玄関を出て階段を上ると車が待っている。その車の後部席に転がり込むようにして乗り込む。
「ひぃ……ふぅ、運動不足にはこの程度の動きも堪えるね。本社最上階まで頼む」
この車が従来の車と違うのは空中飛行できるようになった点だ。
反重力の反発力によって地上から空中へと上昇することが出来、スピードも最高時速300キロまで上昇した。
このタイプの車によって空中駐車スペース、空中でのセキュリティがより強化されて一気にそれらの業界が発展したという話を聞いた。
勿論、今でも地上を車は走ってはいるのだが、VRでの仕事も増え、そもそも物理的な移動そのものが減ってきている。

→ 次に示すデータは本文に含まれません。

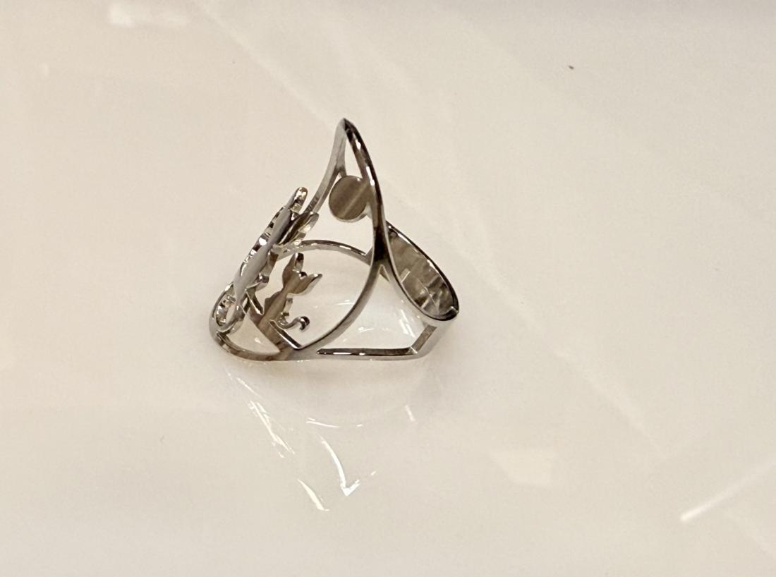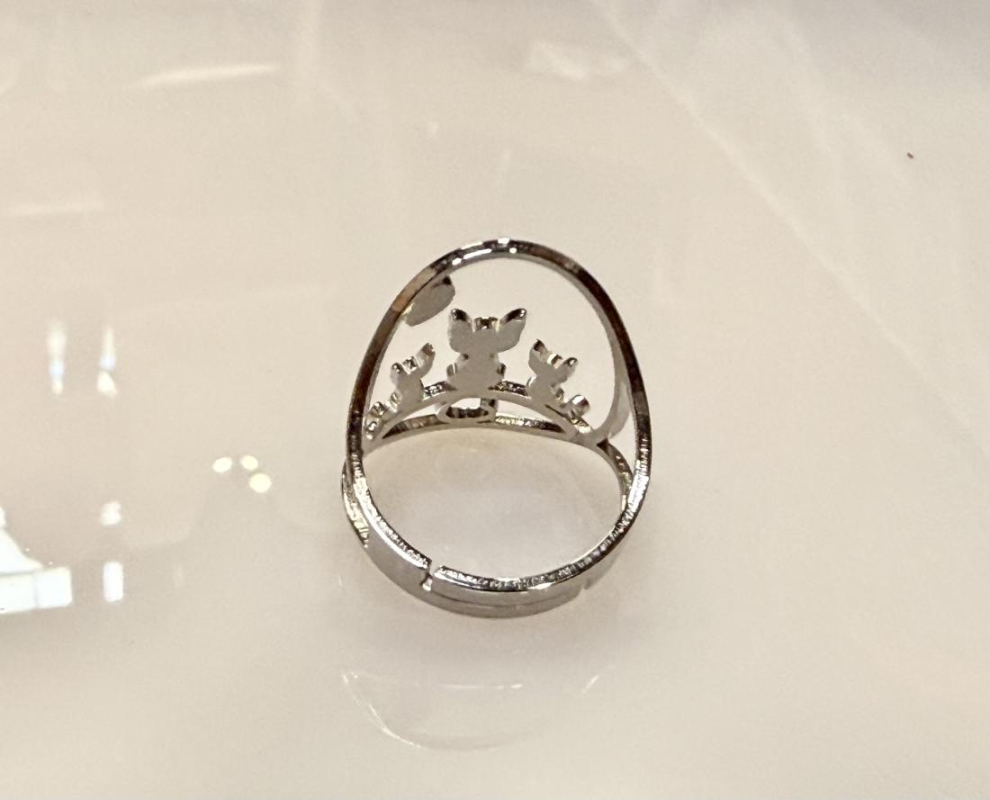 Laissez-vous charmer par la bague “Complicité Féline”, une création délicate en acier inoxydable mettant en scène trois adorables chats contemplant la lune. Ce bijou original symbolise la douceur, la complicité et l’harmonie avec le monde animal. Son design ajouré apporte une touche de légèreté et de poésie à votre main, tout en reflétant votre amour pour les chats et votre recherche de bien-être.

空中飛行している車は最新のセンサーを搭載しておりスピードを出しても事故が発生する可能性はほとんど無く金持ちは皆乗っていることだろう。
「随分、焦られているようですけど何かあったんですか?」
運転席にいる女性は美甘捺25歳。スケジュール管理や車の運転など仕事面での僕の第1秘書と言っていい。3年前から僕の専属になり呼べばすぐに駆け付けてくれるのでかなり便利に活用させてもらっている。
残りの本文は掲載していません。